About this task: Restate word for word the section of the entries that opens at the line containing "Детали: V-образный вырез" and closes at the line containing "私たちが普段、当たり前のよう", both lines kept, pictures dropped.

Records for this exercise:
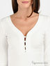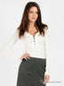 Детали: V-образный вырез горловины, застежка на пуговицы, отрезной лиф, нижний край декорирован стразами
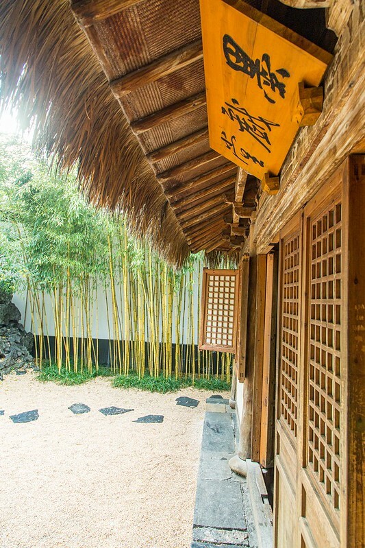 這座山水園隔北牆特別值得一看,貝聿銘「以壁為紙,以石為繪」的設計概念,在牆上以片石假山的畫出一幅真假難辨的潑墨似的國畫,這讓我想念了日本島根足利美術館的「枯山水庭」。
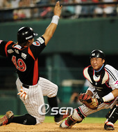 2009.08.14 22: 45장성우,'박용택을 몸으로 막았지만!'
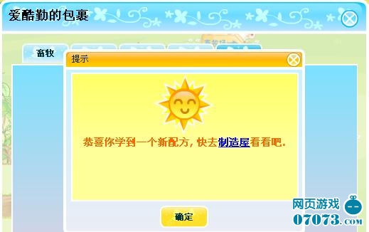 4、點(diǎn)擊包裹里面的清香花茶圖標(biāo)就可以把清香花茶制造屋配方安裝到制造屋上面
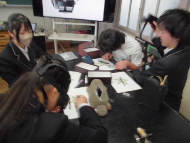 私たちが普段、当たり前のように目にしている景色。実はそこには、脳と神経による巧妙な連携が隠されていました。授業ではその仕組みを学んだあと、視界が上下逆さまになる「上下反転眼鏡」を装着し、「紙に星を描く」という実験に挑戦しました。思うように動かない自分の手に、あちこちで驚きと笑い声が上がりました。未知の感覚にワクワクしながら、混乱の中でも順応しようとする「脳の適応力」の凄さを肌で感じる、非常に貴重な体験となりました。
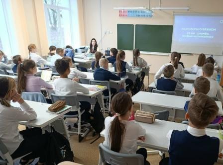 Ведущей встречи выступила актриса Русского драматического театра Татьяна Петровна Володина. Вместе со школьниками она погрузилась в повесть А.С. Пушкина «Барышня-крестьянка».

...

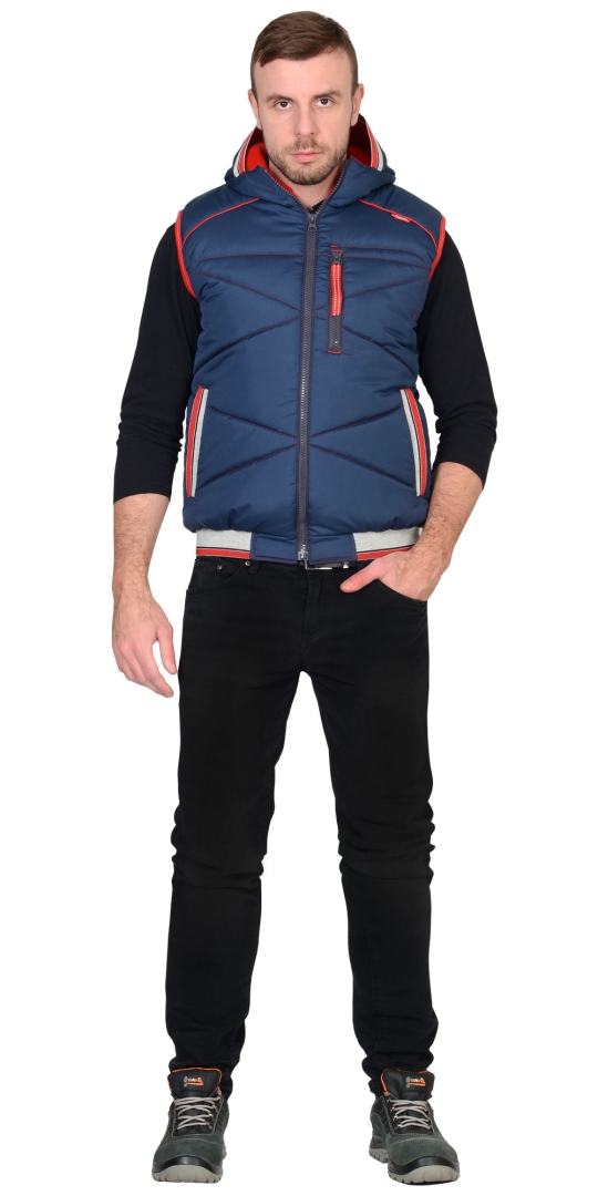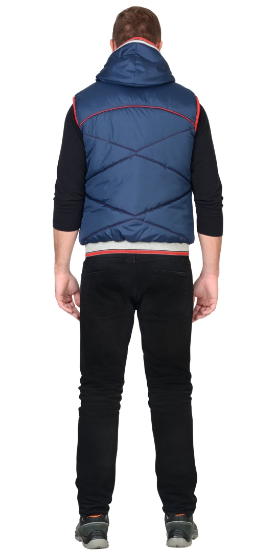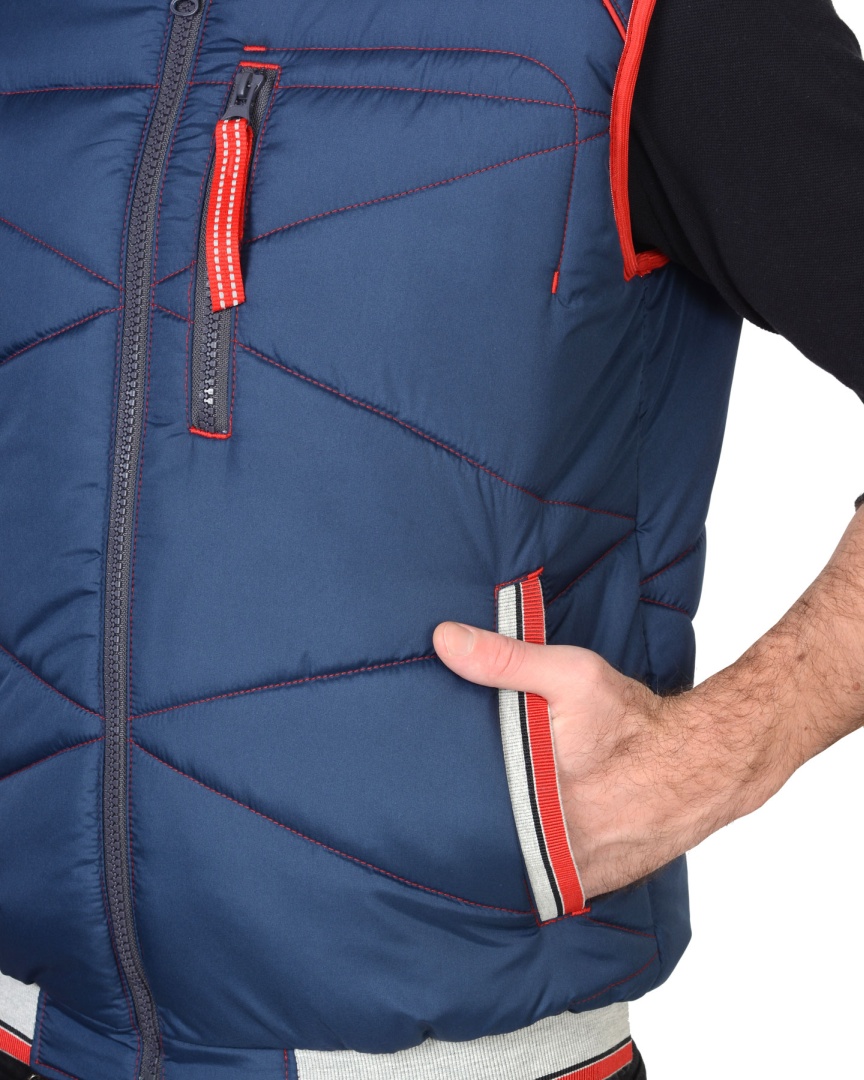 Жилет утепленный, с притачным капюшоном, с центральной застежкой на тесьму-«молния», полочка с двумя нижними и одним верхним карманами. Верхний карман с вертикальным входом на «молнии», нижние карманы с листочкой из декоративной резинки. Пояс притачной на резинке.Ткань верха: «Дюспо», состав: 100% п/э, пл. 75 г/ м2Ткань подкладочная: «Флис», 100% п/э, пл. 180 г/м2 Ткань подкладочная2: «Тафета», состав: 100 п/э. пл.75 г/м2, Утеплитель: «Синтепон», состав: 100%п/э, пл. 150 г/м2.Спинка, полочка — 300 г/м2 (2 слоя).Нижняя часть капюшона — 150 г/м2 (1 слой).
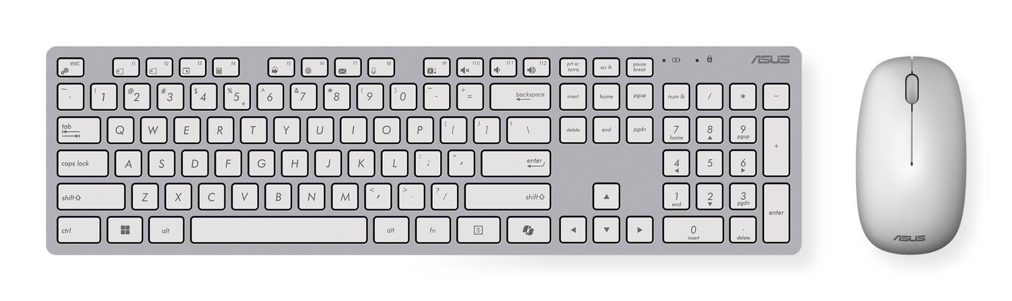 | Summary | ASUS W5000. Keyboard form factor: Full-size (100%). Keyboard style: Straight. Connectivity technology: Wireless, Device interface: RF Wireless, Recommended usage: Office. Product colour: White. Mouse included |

Completed task:
 Детали: V-образный вырез горловины, застежка на пуговицы, отрезной лиф, нижний край декорирован стразами
 這座山水園隔北牆特別值得一看,貝聿銘「以壁為紙,以石為繪」的設計概念,在牆上以片石假山的畫出一幅真假難辨的潑墨似的國畫,這讓我想念了日本島根足利美術館的「枯山水庭」。
 2009.08.14 22: 45장성우,'박용택을 몸으로 막았지만!'
 4、點(diǎn)擊包裹里面的清香花茶圖標(biāo)就可以把清香花茶制造屋配方安裝到制造屋上面
 私たちが普段、当たり前のように目にしている景色。実はそこには、脳と神経による巧妙な連携が隠されていました。授業ではその仕組みを学んだあと、視界が上下逆さまになる「上下反転眼鏡」を装着し、「紙に星を描く」という実験に挑戦しました。思うように動かない自分の手に、あちこちで驚きと笑い声が上がりました。未知の感覚にワクワクしながら、混乱の中でも順応しようとする「脳の適応力」の凄さを肌で感じる、非常に貴重な体験となりました。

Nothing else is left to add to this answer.